Exercise input Block Start

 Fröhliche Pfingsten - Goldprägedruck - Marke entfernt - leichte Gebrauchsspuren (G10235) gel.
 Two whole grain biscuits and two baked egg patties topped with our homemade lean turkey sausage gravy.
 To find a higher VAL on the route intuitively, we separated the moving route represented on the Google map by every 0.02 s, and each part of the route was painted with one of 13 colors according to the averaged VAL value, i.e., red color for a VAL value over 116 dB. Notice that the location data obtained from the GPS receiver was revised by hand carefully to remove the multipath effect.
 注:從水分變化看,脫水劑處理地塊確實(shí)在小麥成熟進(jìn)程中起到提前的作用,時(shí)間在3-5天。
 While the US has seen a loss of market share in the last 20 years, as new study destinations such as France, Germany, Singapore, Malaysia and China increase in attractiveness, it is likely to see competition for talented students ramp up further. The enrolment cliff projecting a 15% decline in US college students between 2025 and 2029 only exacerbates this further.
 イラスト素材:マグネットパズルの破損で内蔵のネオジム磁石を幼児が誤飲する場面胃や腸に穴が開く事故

Exercise input Block End
Exercise input Block Start

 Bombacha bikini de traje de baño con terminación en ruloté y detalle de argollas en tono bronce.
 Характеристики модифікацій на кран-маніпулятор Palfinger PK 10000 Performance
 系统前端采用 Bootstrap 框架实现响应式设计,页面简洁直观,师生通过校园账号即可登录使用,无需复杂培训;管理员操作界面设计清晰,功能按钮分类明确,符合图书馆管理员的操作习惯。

Exercise input Block End

**Requirement**
Going back to the entries above, set down exactly the lines that begin at the one with "注:從水分變化看,脫水劑處理" and end at the one with "イラスト素材:マグネットパズ", both included, and nothing else.

**Output below**
 注:從水分變化看,脫水劑處理地塊確實(shí)在小麥成熟進(jìn)程中起到提前的作用,時(shí)間在3-5天。
 While the US has seen a loss of market share in the last 20 years, as new study destinations such as France, Germany, Singapore, Malaysia and China increase in attractiveness, it is likely to see competition for talented students ramp up further. The enrolment cliff projecting a 15% decline in US college students between 2025 and 2029 only exacerbates this further.
 イラスト素材:マグネットパズルの破損で内蔵のネオジム磁石を幼児が誤飲する場面胃や腸に穴が開く事故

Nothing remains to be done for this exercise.